By the Sacred Heart of Jesus must be understood not the lifeless heart, separated from the body of Christ, but the tender, loving heart of the God-Man, the home of all His emotions, the fountain of all His virtues, and the most touching embodiment of His infinite love for man. The Catholic Church, in like manner, sets apart certain festivals with appropriate Mass and office, in honor of the cross, of our Lord’s sacred blood and wounds that our devotion to the Redeemer may be rendered more fervent by the contemplation of these objects, for Jesus has shed His blood for us, has received wounds for us which He retained even after His resurrection, as eternal signs of His immense love for man, has taken them with Him to heaven, and will show them to us on the judgment Day. How much more should our Saviour’s Sacred Heart be the object of our devotion, since all the thoughts, sentiments, and emotions of this most loving heart aim only at our salvation, and since it is always ready to receive truly penitent sinners to forgive them, again to turn His love to them, and make them sharers in eternal bliss.

Therefore the saints have from the first encouraged a tender devotion to this most Sacred Heart, as already mentioned. “Longinus,” says St. Augustine, “opened the side of Jesus with His spear; in it I enter, and securely rest.” “O how good,” exclaims St. Bernard, “how lovely to take up my abode in this Heart! In this temple, in this sanctuary, before this ark of the covenant, I will adore and praise the name of the Lord, and say with the prophet: I have found in the heart of Jesus, my king, my brother, my friend.” “Believe me, O blinded men,” says St. Bonaventura, “if you knew how to enter by His sacred wounds into the interior of Jesus, you would there find not, only a wonderful sweetness for your soul, but even sweet repose for your body. And if even the body there finds rest, how great, think you, must be the sweetness which the spirit there enjoys, if through these wounds we become united to the Sacred Heart of Jesus!” And St. Peter Damian says: “In this adorable heart we find the weapons with which to defend ourselves against our enemies, a cure for our ills, powerful help against temptations, the sweetest consolation is suffering, and the purest joy in this valley of tears.”

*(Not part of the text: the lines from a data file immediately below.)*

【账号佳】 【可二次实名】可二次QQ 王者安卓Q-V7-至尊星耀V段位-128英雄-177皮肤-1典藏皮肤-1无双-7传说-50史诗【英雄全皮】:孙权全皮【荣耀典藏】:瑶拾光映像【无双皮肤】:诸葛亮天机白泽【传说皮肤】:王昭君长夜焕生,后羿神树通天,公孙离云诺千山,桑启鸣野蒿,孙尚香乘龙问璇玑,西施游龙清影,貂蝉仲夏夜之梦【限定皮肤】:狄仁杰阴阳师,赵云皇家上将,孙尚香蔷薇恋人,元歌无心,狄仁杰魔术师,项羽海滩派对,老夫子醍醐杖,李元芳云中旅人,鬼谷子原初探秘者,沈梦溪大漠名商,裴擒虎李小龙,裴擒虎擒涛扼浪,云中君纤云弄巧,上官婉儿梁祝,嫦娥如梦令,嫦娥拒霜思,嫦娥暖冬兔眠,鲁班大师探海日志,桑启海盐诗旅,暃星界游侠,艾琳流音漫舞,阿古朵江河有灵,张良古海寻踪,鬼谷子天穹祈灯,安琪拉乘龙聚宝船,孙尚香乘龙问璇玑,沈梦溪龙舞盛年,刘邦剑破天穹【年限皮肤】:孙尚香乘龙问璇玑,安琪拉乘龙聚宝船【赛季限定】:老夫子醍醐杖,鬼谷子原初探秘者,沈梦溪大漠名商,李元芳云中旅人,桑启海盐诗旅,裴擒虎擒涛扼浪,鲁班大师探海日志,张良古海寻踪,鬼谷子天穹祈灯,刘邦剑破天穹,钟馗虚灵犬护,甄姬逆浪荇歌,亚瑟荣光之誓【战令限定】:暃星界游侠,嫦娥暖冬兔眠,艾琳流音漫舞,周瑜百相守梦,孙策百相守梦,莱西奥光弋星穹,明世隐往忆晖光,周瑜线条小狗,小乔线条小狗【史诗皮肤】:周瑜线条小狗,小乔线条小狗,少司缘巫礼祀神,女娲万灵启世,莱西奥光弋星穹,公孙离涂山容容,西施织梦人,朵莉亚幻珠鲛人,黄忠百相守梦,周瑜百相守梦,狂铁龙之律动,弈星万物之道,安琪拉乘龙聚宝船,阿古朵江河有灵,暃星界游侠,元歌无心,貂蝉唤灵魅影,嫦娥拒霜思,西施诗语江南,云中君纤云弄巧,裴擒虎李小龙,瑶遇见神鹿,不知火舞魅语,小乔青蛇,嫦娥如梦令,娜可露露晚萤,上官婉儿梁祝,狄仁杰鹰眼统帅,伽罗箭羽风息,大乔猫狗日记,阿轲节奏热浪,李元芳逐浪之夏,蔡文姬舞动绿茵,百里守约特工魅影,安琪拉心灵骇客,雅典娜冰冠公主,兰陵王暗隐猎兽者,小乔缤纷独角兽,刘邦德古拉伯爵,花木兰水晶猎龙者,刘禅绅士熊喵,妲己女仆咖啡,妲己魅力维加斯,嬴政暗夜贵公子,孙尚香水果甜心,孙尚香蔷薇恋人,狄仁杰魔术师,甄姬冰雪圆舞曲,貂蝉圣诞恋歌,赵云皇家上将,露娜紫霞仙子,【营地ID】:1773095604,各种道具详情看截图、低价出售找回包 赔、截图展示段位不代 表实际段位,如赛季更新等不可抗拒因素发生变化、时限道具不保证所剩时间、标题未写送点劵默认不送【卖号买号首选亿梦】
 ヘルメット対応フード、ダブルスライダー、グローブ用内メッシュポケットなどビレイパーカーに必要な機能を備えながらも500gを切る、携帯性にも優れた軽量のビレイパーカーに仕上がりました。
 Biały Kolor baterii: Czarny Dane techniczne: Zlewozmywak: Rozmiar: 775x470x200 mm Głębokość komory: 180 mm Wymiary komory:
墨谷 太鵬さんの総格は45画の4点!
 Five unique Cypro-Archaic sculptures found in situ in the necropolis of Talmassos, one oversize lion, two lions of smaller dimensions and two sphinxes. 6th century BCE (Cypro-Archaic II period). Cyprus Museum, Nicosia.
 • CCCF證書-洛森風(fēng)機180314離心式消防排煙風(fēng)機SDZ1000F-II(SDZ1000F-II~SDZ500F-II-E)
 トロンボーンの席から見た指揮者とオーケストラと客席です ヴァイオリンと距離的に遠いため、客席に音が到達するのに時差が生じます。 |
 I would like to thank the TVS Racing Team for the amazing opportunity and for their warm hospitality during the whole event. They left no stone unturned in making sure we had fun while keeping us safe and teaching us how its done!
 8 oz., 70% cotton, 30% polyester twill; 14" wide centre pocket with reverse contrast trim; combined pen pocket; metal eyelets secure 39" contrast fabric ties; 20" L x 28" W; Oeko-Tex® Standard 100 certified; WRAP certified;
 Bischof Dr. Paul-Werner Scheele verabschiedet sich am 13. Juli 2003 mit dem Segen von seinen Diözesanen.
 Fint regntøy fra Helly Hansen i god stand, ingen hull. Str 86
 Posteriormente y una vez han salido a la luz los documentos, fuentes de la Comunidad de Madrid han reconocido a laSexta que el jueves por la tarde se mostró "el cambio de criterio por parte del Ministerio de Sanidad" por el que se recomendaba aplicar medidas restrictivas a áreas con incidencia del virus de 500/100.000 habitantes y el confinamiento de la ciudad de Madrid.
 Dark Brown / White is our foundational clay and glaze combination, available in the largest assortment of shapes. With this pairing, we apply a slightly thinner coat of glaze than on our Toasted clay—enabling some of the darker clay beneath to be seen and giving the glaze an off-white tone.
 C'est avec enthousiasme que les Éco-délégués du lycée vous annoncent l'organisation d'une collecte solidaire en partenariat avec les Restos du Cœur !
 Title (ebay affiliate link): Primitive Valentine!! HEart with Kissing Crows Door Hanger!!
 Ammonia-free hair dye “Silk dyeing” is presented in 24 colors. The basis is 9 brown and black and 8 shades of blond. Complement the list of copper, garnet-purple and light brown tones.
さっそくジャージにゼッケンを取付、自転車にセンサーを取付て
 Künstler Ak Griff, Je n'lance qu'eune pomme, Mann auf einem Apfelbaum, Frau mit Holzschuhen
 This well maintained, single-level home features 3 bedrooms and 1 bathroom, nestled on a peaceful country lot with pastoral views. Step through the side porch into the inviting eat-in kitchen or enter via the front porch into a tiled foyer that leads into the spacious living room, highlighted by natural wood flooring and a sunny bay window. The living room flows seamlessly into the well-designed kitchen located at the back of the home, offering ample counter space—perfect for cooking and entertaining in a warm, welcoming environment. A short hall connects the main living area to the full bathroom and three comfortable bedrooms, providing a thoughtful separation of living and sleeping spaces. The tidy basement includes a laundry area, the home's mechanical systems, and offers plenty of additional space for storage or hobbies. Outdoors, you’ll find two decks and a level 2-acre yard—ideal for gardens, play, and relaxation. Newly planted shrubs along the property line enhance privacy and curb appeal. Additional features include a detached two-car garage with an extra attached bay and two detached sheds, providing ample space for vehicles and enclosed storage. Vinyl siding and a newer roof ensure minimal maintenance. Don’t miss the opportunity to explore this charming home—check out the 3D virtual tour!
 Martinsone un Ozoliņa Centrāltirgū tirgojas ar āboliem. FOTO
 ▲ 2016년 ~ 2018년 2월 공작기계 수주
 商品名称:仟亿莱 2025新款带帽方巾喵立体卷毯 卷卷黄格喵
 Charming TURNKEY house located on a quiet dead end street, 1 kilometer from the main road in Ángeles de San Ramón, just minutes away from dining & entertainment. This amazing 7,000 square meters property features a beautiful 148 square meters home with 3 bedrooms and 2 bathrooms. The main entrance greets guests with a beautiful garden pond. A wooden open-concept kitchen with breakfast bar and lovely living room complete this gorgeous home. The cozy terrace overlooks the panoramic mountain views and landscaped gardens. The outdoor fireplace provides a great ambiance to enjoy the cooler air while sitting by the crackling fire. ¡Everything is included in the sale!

St. Mechtild and St. Gertrude found themselves transported in an especial manner by the tenderness of this adorable heart, to adore it fervently, and Gertrude, enlightened by the Spirit of God, spoke these prophetic words: “The Lord retained until these late centuries the devotion to His Sacred Heart, as a last effort of His divine love.” We have already seen how these words have been verified in the pious Margaret. O would that Jesus’ great desire that all men, might know and love His Sacred Heart be accomplished!